Advertisement

Matt Smith, right, bought Reedville Marine Railway in April from George M. Butler, left. The railway and wooden boatbuilding operation was in the Butler family for 106 years. Photo: Larry Chowning

Historic Reedville Railway Sold after 115 Years in Same Family

Reedville Marine Railway in Reedville, Va., has been owned by the Butler family for 115 years. The three-generation stint came to an end in April when George M. Butler, 69, sold the railway to another steward of old wooden boats. The new buyer, Matt Smith, plans to use the railway to haul his own collection of wooden boats and keep it as a piece of Reedville history.

Butler’s grandfather Samuel Butler and Joseph Davis purchased the railway in 1906 from Isaac Bailey who had opened Bailey’s Railway on Cockrell Creek in the early 1890s. Its unique history is detailed in our July 2018 story “A Life Measured in Skiffs”.

Samuel bought Davis out sometime in the mid-1920s and then Samuel and his son George P. Butler ran the yard. George P.’s first job at the yard as a boy was to fire up the boiler to the steam engine that powered the planer and band saw.

Samuel died in 1933 and George P. took over the yard. He built boats and operated the railway until his death in 1976 when George M. took over ownership and operations. Over the years, George M.’s reputation for working with wood on all types of bay boats has become legendary.

“It was just time,” says Butler when ask about selling the railway. “I guess you could say it is about retirement but a boatbuilder never retires.”

In the next breath, Butler says he was having poles set in his yard at his home to install a boat-lift for hauling small boats to do bottom work. He also had the 40-foot Iris Marie, a 39′ 6″ x 12′ 4 1/2″ x 4′ 6″ deadrise wooden boat he built in 2003 at his home dock on Cockrell Creek in for some top work repair.

“I feel relieved to have the railway off my shoulders but boatbuilding and boat work is what I do and I’m not going to
give that up.”

Butler has a small boat shop at his home in Reedville where he can work on small boats and continue to build “Butler Skiffs”. He has a 1950 Chris-Craft runabout stored away that he has been talking about restoring for years and that’s in his plans, he says.

A lover of classic boats himself, Smith trades under the name of “WoodyBoater” whose website promotes “restoration and preservation” of classic wooden boats.
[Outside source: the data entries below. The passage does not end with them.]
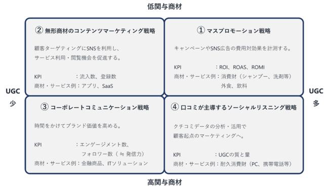 トリプルメディア(※)の中でアーンドメディアと位置づけられることが多いSNSですが、ソーシャルメディア委員会としては企業が運営するSNSではオウンドメディアやペイドメディアとしての側面もあると考えています。オウンドメディアやペイドメディアとしての要素が強い企業SNSの運営においては、「商材の特性」と「UGC(User Generated Contents、SNS上のクチコミなどを指す)の量」がSNS運営の戦略を分けると考えられます。「企業SNSのためのKPI設定フレームワーク Ver.1.0」では、以下の画像のように、4つの類型を提示しています。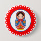 This Matryoshka button is in red, blue, yellow and white colors. The button is designed with matryoshka, Russian nesting doll on lace background.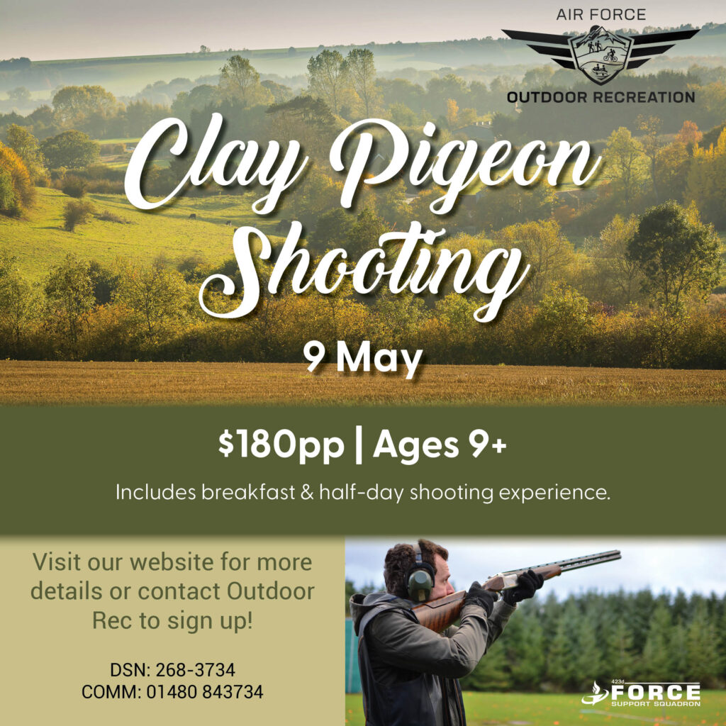 Contact Outdoor Recreation to sign up! DSN: 268-3734 | COMM: 01480 843734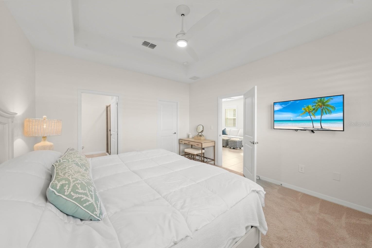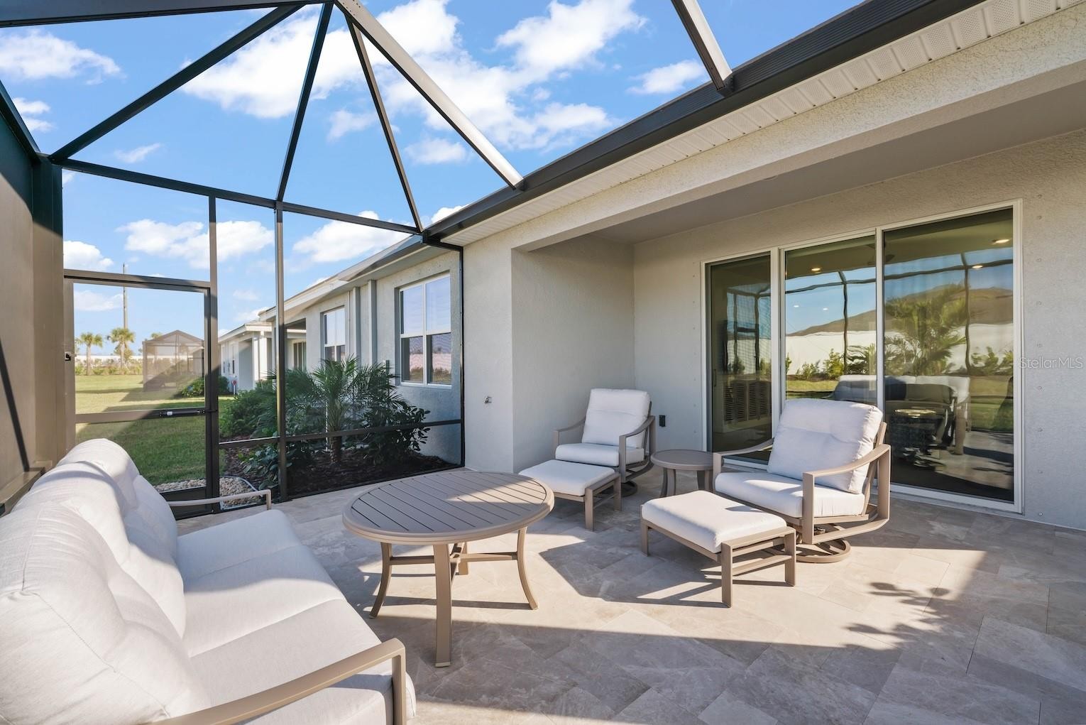 Welcome home ! This beautifully 2024 BUILT UPGRADED 3 BED, 2 BATH VILLA with a TILE ROOF and 2-car garage, located in the highly desirable STAR FARMS AT LAKEWOOD RANCH is ready for its new owners! This meticulously maintained home offers extensive upgrades throughout, creating a move-in ready Florida retreat. Interior features include UPGRADED PAINT on walls and ceilings, PLANTATION SHUTTERS on all windows, CUSTOM HUNTER DOUGLAS ELECTRIC BLINDS on the sliders, upgraded ceiling fans, and leak detection monitoring devices under kitchen and bath sinks plus laundry area for added PEACE OF MIND. Enjoy seamless indoor/outdoor living on the EXPANSIVE SCREENED IN LANAI with MARBLE TILE FLOORING, complete with electrical grounding in place for a future spa. The exterior showcases upgraded, extensive LANDSCAPING for your own personal oasis, and has professionally installed gutters specific to this floor plan. The 2-car garage features INSULATION in both the garage attic and garage door for improved energy efficiency, along with grounding of the exterior electrical box for lightning surge protection. Additional thoughtful upgrades include an installed medicine cabinet in the primary bath, plus towel racks and toilet paper holders in both bathrooms. Built with CONCRETE BLOCK, a TILE ROOF, and equipped with HURRICANE SHUTTERS, this home has it ALL! HOA fees include access to all resort-style amenities, gated entrances, and lawn care, offering true low-maintenance living. Community amenities feature a CLUBHOUSE, TIKI BAR / RESTAURANT, RESORT-STYLE POOLS (2), FITNESS CENTERS (2), PICKLEBALL COURTS, TENNIS COURTS, DOG PARKS, WALKING & BIKING TRAILS, AND SOCIAL EVENTS / GATHERING SPACES. Ideally located near shopping and dining, University Town Center (UTC) Mall, Downtown Lakewood Ranch, Waterside at Lakewood Ranch, top-rated schools, medical facilities, and Sarasota’s beautiful Gulf beaches. A rare opportunity to own a villa loaded with upgrades that truly lives like a custom home.

He says he purchased the railway for personal use to maintain his own boats; to provide hauling accommodation for classic pleasure and work boats; and to preserve a classic railway.

“A railway is an important part of the wooden boat culture,” says Smith. “I’m not going to run this as a professional boat shop. I’m just a caretaker for the next generation of wooden boaters. I’m keeping it as the treasure it is. I’m going to clean it up and preserve it,” he says.
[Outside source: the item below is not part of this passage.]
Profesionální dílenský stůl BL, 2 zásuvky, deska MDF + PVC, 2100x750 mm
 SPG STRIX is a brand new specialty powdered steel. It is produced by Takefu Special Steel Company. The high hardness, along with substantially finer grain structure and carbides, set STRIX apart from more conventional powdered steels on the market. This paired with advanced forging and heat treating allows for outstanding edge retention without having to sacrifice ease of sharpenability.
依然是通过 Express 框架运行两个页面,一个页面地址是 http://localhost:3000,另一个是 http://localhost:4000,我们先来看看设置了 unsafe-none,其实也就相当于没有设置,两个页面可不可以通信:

Smith’s wife Suzy has her own ties to the Reedville boatbuilding tradition. Her grandfather Claude Bray was one of three brothers, Raymond and Wilson Bray, who were all well-known boat carpenters in the area. The couple own a 40-foot tug style trawler named Sweet Pea built in 1968 at Rice’s Marine Railway near Reedville.

“Suzy’s grandfather, Claude, worked at the yard in 1968 and helped build Sweet Pea,” says Smith. “When she
found out it was for sale and that her grandfather helped build it, we had to have it.”

At the railway in May, Butler and Smith met for an interview.

“I think I can find some more boats around that the Brays (Suzy’s grandfather and great uncles) built,” says Butler. Smith says, “Well if you find one, I’ve got a place to work on it now.”